August 19, 2013
On 2013-08-19 17:41, Jesse Phillips wrote:

> Code has moved to https://github.com/opticron/ProtocolBuffer

Does it have any utility functions that are fairly standalone to handle the basic types, i.e. int, string, float and so on?

-- 
/Jacob Carlborg
August 19, 2013
Am Mon, 19 Aug 2013 16:21:44 +0200
schrieb "Tyler Jameson Little" <beatgammit@gmail.com>:

> On Monday, 19 August 2013 at 13:31:27 UTC, Jacob Carlborg wrote:
> > On 2013-08-19 15:03, Dicebot wrote:
> >
> >> Great! Are there any difficulties with the input?
> >
> > It just that I don't clearly know how the code will need to look like, and I'm not particular familiar with implementing range based code.
> 
> Maybe we need some kind of doc explaining the idiomatic usage of ranges?
> 
> Personally, I'd like to do something like this:
> 
>      auto archive = new XmlArchive!(char); // create an XML archive
>      auto serializer = new Serializer(archive); // create the
> serializer
>      serializer.serialize(foo);
> 
>      pipe(archive.out, someFile);

Your "pipe" function is the same as std.algorithm.copy(InputRange,
OutputRange) or std.range.put(OutputRange, InputRange);



An important question regarding ranges for std.serialization is whether we want it to work as an InputRange or if it should _take_ an OutputRange. So the question is

-----------------
auto archive = new Archive();
Serializer(archive).serialize(object);
//Archive takes OutputRange, writes to it
archive.writeTo(OutputRange);

vs

auto archive = new Archive()
Serializer(archive).serialize(object);
//Archive implements InputRange for ubyte[]
foreach(ubyte[] data; archive) {}
-----------------

I'd use the first approach as it should be simpler to implement. The
second approach would be useful if the ubyte[] elements were processed
via other ranges (map, take, ...). But as binary data is usually
not processed in this way but just stored to disk or sent over network
(basically streaming operations) the first approach should be fine.
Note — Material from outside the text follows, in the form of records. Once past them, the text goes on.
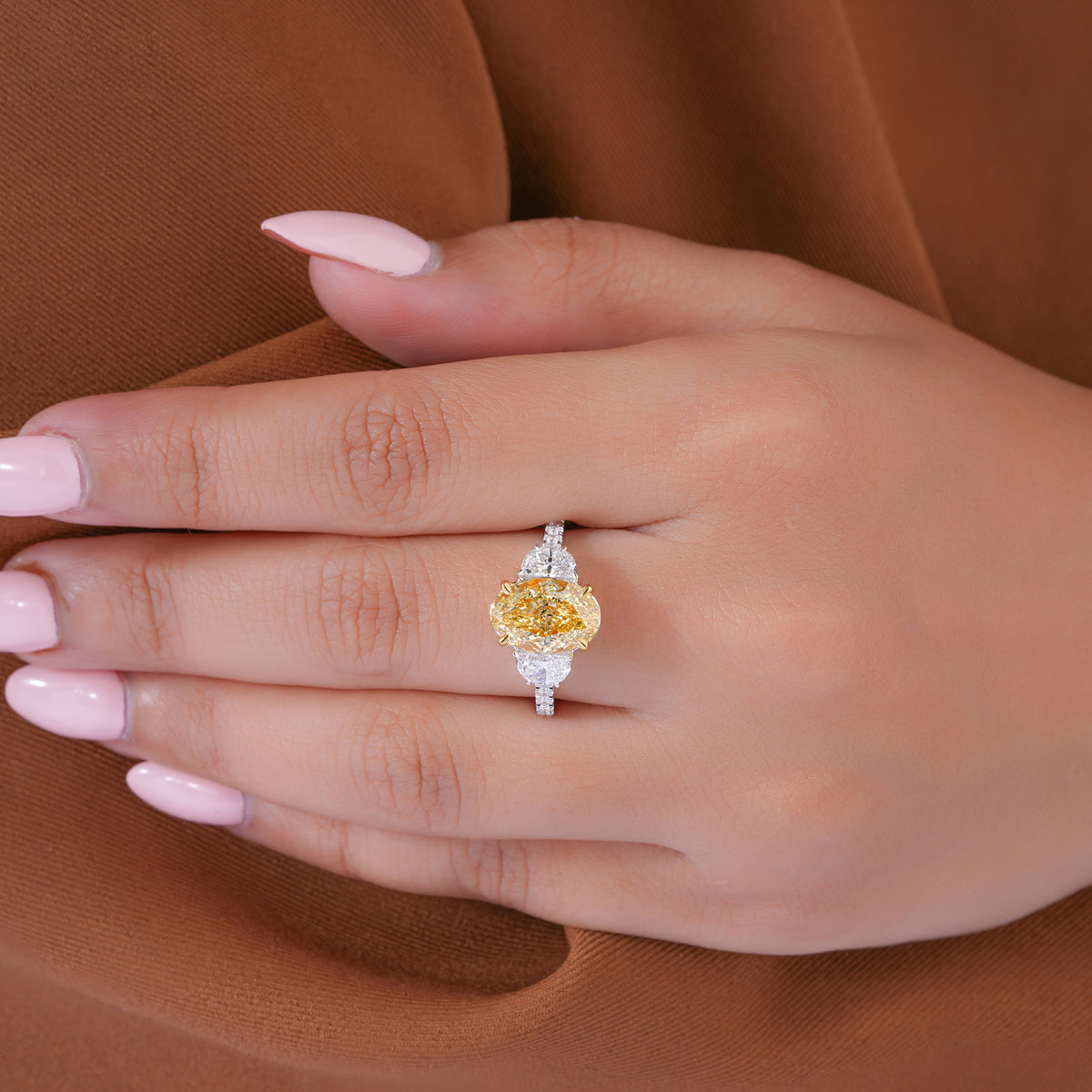3.20 CT Yellow Oval Cut Pave, side Half moon Two-Stone Engagement Ring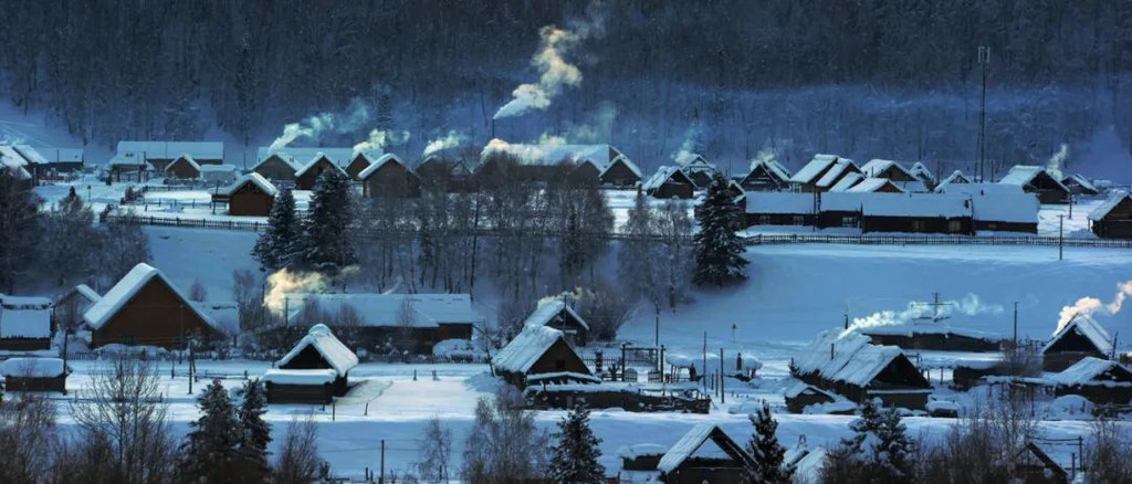 清晨的禾木,炊烟袅袅,阳光下雪花纷飞,地面闪着银色的光芒,站在观景台上,俯瞰着下方的村庄,前景是2米深的积雪,中景是鳞次栉比的白色木屋,远景是灰黑色的树林,无尽处则是蒙蒙的雪山。如果说秋天的禾木是一幅浓墨重彩的油画,那么冬天的禾木则是一幅色调淡雅的水墨画。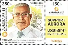 10. "New stamp features 2018 Aurora Prize Laureate Kyaw Hla Aung". news.am. 16 October 2019. Retrieved 15 February 2020.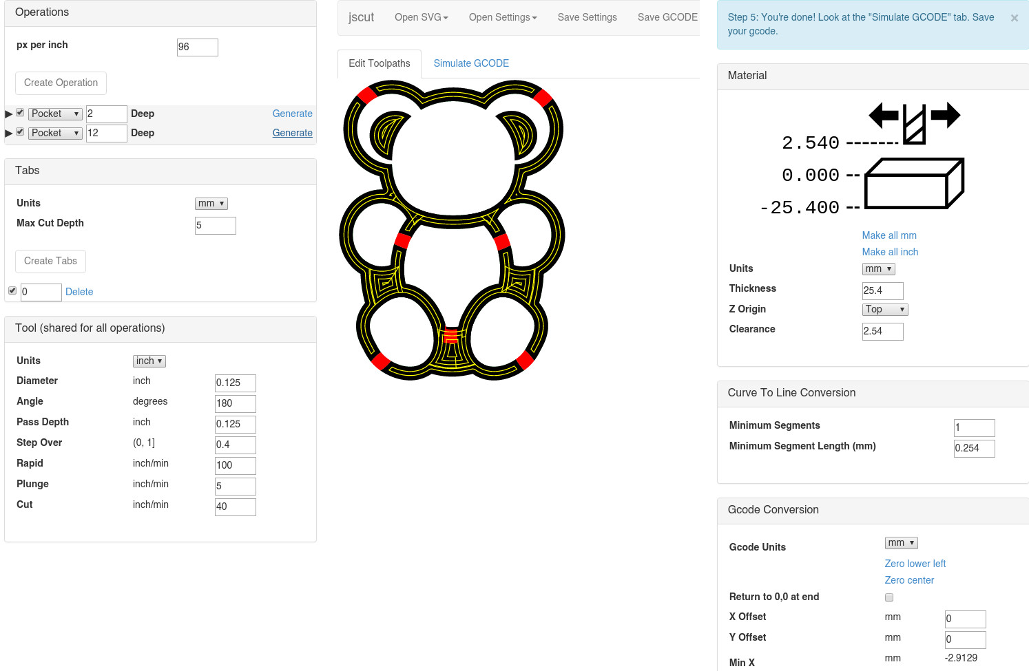 Fig. 10: Génération du gcode de découpe à partir du dessin svg avec JSCut
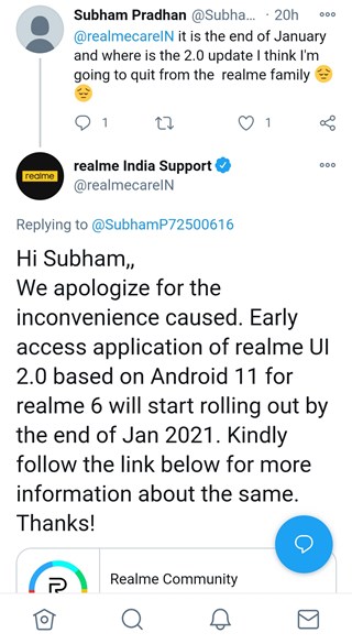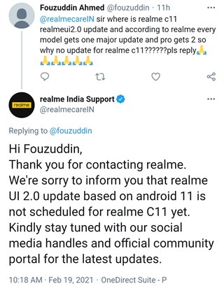 IST 01:20 pm: Realme customer support is once again spotted confusing users by baselessly claiming that Android 11 for Realme 2 Pro is under development.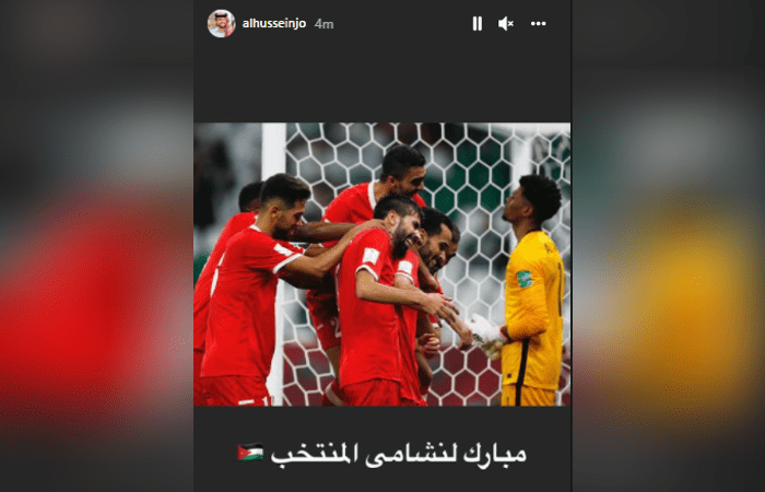 هنأ ولي العهد سمو الامير الحسين بن عبدالله الثاني المنتخب الاردني لكرة القدم بعد فوزه اليوم على المنتخب السعودي في اولى مبارياته في بطولة كأس العرب بهدف نظيف.

The first approach has the additional benefit that we can easily do streaming like this:
----------------
auto archive = new Archive(OutputRange);
//Immediately write the data to the output range
Serializer(archive).serialize([1,2,3]);
----------------

This is difficult to implement with the second approach as you somehow have to interleave calls to serialize and reads to the InputRange interface:
------------
Serializer(archive).serialize(1);
foreach(data; archive) {stdout.write(data);}
Serializer(archive).serialize(2);
foreach(data; archive) {stdout.write(data);}
------------
And it's still less efficient than approach 1 as it has to keep an internal buffer.

Another point is that "serialize" in the above example could be
renamed to "put". This way Serializer would itself be an OutputRange
which allows stuff like [1,2,3,4,5].stride(2).take(2).copy(archive);

Then serialize could also accept InputRanges to allow this:
archive.serialize([1,2,3,4,5].stride(2).take(2));
However, this use case is already covered by using copy so it would just
be for convenience.
August 19, 2013
19-Aug-2013 22:05, Johannes Pfau пишет:
> Am Mon, 19 Aug 2013 16:21:44 +0200
> schrieb "Tyler Jameson Little" <beatgammit@gmail.com>:
>
>
> Another point is that "serialize" in the above example could be
> renamed to "put". This way Serializer would itself be an OutputRange
> which allows stuff like [1,2,3,4,5].stride(2).take(2).copy(archive);
>

+1
I totally expect serializer to be a sink.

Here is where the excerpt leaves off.